2.2. Multitask VNet for Glioma MRI Data Segmentation

This study uses a multitask VNet framework to segment glioma and its different subregions from the multimodal MR image, shown in Figure 3. The network has two decoder modules with similar structures, and different decoders are assigned different tasks. The mask decoder module performs training-mask segmentation according to pixel classification tasks, and the distance transform decoder module performs regression tasks to realize distance map estimation.

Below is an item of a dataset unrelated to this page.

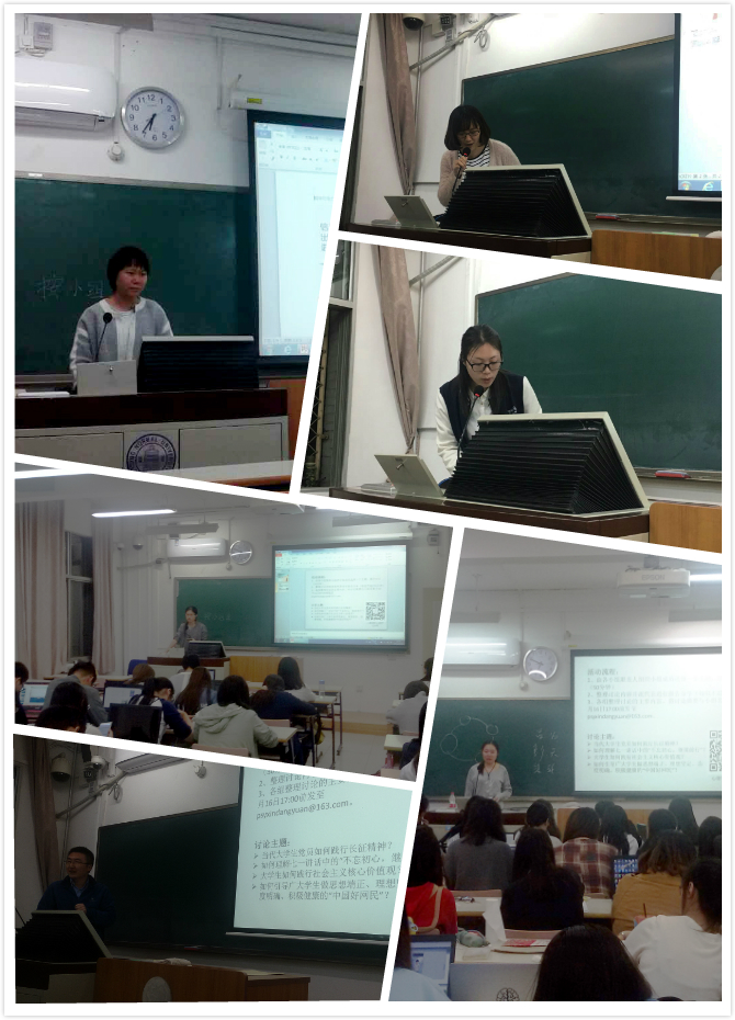 2016年10月14日晚6点,心理学院第一期“心党员”学习成长营主题研讨会在教二顺利举办,心理学院一百多名党员、入党积极分子参与了本次活动,并按组分为三个教室进行研讨,本次活动分别由博士支部的王文超、硕士支部的黄凯和本科支部的阳至尊三位同学主持。 首先,主持人们介绍了本次研讨会的基本流程,包括研讨和汇报分享等,接着引导各小组围绕“当代大学生党员如何践行长征精神”、“如何理解七一讲话中的“不忘初心,继续前行””、“大学生如何践行社会主义核心价值观”和“如何引导广大学生做思想端正、理想坚定、态度明确、积极健康的“中国好网民””等四个主题进行了研讨,各小组同学积极踊跃发言,对四个主题进行了充分深刻的理解和讨论。 最后,各小组代表对讨论成果进行了汇报分享,例如第一组同学提到可以结合心理学专业知识如科普文章等引导大学生做“中国好网民”。第五组同学讨论认为当代大学生要践行长征精神,首先深入学习中国近代史,深刻认识中国革命的必然性;其次要树立民族意识、大局意识、忧患意识和使命意识,继承红军对理想信念矢志不渝、对革命事业锲而不舍的奋斗精神;最后作为当代大学生要发展创新精神,树立不怕吃苦,顽强拼搏的创业精神。 本次“心党员”学习成长营的主题研讨会结合当今时事热点及“两学一做”的基本要求,引导心理学院党员和积极分子们对“长征八十周年”、“两学一做”、“社会主义核心价值观”、“网络安全”等问题进行了充分的讨论,增强了心理学院不同支部间同学的沟通交流,让同学们对这些问题有了更加深刻的理解和认识,同时也帮助学生党员提高党性素养和树立正确的价值观。
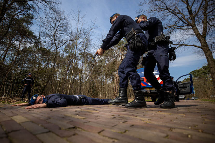 “Dit is de Koninklijke Marechaussee. Wij hebben een vuurwapen op u gericht”, klinkt het uit de megafoon. Achter de Amarok staan 2 gewapende marechaussees, gereed om in te grijpen. Voor hen: een scheef geparkeerd busje met daarin 2 vuurwapengevaarlijke verdachten.

The structure of the encoder module and decoder module of the network is similar to the VNet. Its encoder module alternately stacks convolutional layers and downsampling layers to achieve feature extraction of the input signal under different receptive fields.

In contrast, the decoder module alternately stacks deconvolutional layers and convolutional layers in the joint encoder restore image resolution stage by stage based on the features extracted by the module. The model’s loss function is the weighted sum of the categorical focal loss of the mask decoder block and the MSE loss of the distance transform decoder block. Its essence is that the distance map prediction regularizes the template prediction.

2.3. Quantitative Feature Extraction

Medical images contain a lot of information that can reflect the relationship between human macro performance and microenvironment. Up to now, the analysis and diagnosis of medical images are mainly based on human judgment. The disadvantage of this method is that it can only be qualitative but not quantitative. Compared with the qualitative description of human experience, quantitative features can reflect more potential information in the image. Medical imaging has developed from traditional morphological diagnosis to quantitative tumor analysis. The main difference is that the latter needs to extract and analyze more high-order quantitative image features.

Quantitative feature extraction refers to the process of extracting information from images by computer. The performance of a classification model largely depends on the features used. We extracted 16 shapes, 19 first-order statistics, 27 gray-level cooccurrence matrix (GLCM), 16 gray-level size zone matrix (GLSZM), and 16 gray-level run length matrix (GLRLM) features from each phenotype region of interest (ROI). The coiflet wavelet transform filter was also applied to each image to extract eight decompositions; for each phenotype, each decomposition’s intensity-based features were calculated. The combination of shape features, first-order features, texture features, and wavelet features extracts 718 features for each image phenotype and 2154 features for each sample. Before extracting these features, voxel intensity values were normalized using the Z-score normalization in the whole brain, discretized with a bin width of 0.1, and constrained to an intensity value range of 3 standard deviations from the mean. For the Tumor Grade Dataset, some LGG samples do not contain ET segmentations. Therefore, regardless of tumor grade, these samples were removed from the analysis to keep the features equal. In addition, several mask combinations suffered from geometry mismatches and were likewise discarded. The removal of these samples from the Tumor Grade Dataset led to 44 LGG samples and 191 GBM samples remaining for the analysis. Similarly, after the removal of inappropriate samples, the Overall Survival Dataset was left with a total of 73 GBM samples with survival <12 months and 77 GBM samples with survival >12 months.

2.4. Feature Selection Methods

Radiomics leads to the creation of several informative features for use in predictive modeling. However, when the number of samples is far less than the number of features, direct classification prediction has a high computational cost and a poor effect. It may even lead to the classification prediction algorithm’s failure. Hence, feature selection is needed to obtain the feature set with good performance after image feature extraction.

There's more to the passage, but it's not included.